In a sign of Web3’s promise as well as its unending quest for relevance, a venture capital firm and a layer-1 blockchain network are teaming up to help enterprises come up with use cases.
Plug and Play, a venture-capital firm that focuses on supporting early-stage startups, is partnering with a Singapore-based blockchain team, aelf, which is promoting its own layer-1 (ie, settlement layer) blockchain.
Jupe Tan, managing partner at Plug and Play in Singapore, says the firm is not an investor in aelf. But it does count about two dozen startups worldwide in its network of more than 2,000 startups, be they directly in its portfolios or participating in its accelerator programs.
“The early hype for blockchain startups is over,” Tan said. “It’s now about what you can really do, for financial services and other enterprises.”
From Layer-1 to DeFi
Linda Ang, head of strategy at aelf, says the blockchain company is going after ‘Web2’ companies (traditional tech companies and platforms) to help them develop businesses in the blockchain milieu.
Aelf was founded in 2017. Like its bigger rival, Polygon, aelf operates a mainnet based on proof-of-stake but supporting sidechains for its clients that can be tailored around other consensus mechanisms.
Ang says a selling point for aelf is that its programming language is C# (C-sharp), a popular language among gamers, and therefore easy for other developers to use. This contrasts with, say, Ethereum, which is coded in Solidity, a niche language developed specifically for smart contracts.
Aelf has already developed projects with companies in the gaming space. “We will launch our DeFi offering in the second or third quarter,” she said, noting that aelf has its own $50 million venture and incubation fund.
The partnership with Plug and Play isn’t about backing startups, but helping enterprises with adoption.
Consulting big business
Tan says Plug and Play has relationships with hundreds of enterprises across more than 20 industry verticals, which the firm uses to help create markets for its portfolio startups, or strategic exit opportunities.

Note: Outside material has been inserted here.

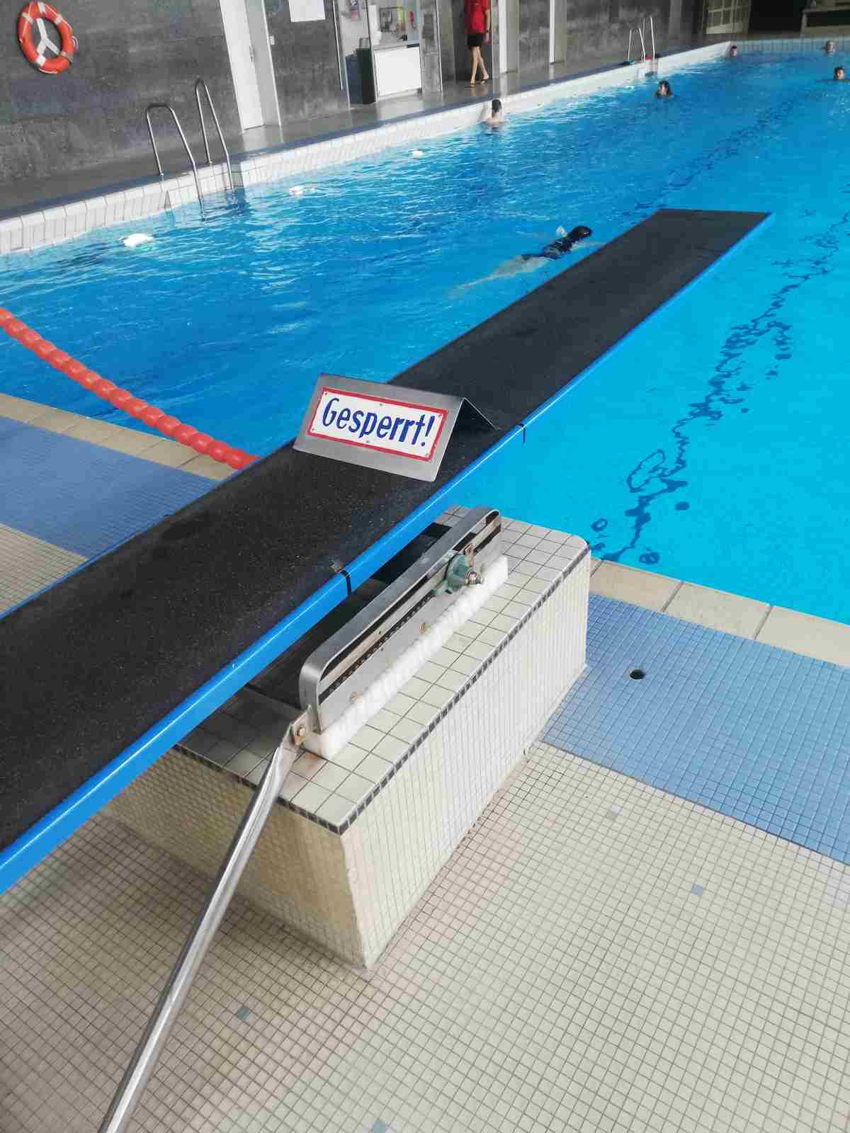 Für viele Mädchen und Jungen sind die Sprungbretter in jedem Schwimmbad das wesentliche Vergnügen, doch diese waren gesperrt. Eine freundliche Frage an den Schwimmmeister hat das aber schnell geändert. Denn sein ernstes Auge begleitet alle Wasserratten, die das Sprungbrett benutzten. Übrigens, das 3-Meterbrett wird auch auf Anfrage geöffnet, hier ist jedoch das Federn aufgrund der zu geringen Deckenhöhe nicht gestattet.

He says enterprises from many industries are now eager to explore Web3 business models, particularly in Singapore and Hong Kong. “But demand-related opportunities aren’t obvious,” he said. “What company can afford to behave like Meta and spend billions of dollars on adopting this sort of thing? We can help them explore what makes sense.”
The relationship with aelf is not exclusive, and Tan said Plug and Play would be interested in similar tie-ups for other geographics, including Japan, Korea and mainland China.
One place to begin is real-world asset tokenization.
“Everything can be tokenized,” Ang said. “We’re looking beyond normal financial instruments, to things like bills of lading, buildings, stadiums. It’s not about financial assets, but how companies can get into the minds of their consumers, to offer things like NFTs for loyalty programs.”
Aelf would help companies by providing them with crypto wallets and consulting on go-to-market strategies, including building a userbase that companies can monetize.
Tan says Plug and Play isn’t doing this to push particular fintechs in its portfolios, but says these discussions with enterprises should help some startups gain exposure. But the point of the tie-up with aelf is to have conversations with enterprises about what’s possible for them, rather than pitching specific solutions.
“Many enterprises are interested,” Ang said. “We don’t have all the answers, but this partnership will help.”
Tan adds that regulators in Singapore and Hong Kong are the most open to such ideas, even if the legal framework isn’t quite ready. “These are the places to start,” he said. “If we can turn Singapore into a Web3 hub, then we would try to duplicate this model. Maybe we’re building a new venture model.”
The progressive thinking in East Asia’s financial hubs is breathing new life into Web3 projects. But it’s notable that, seventeen years after the publication of the Bitcoin white paper, industry veterans still need to join forces to consult real-world companies on what to build with crypto-based infrastructure.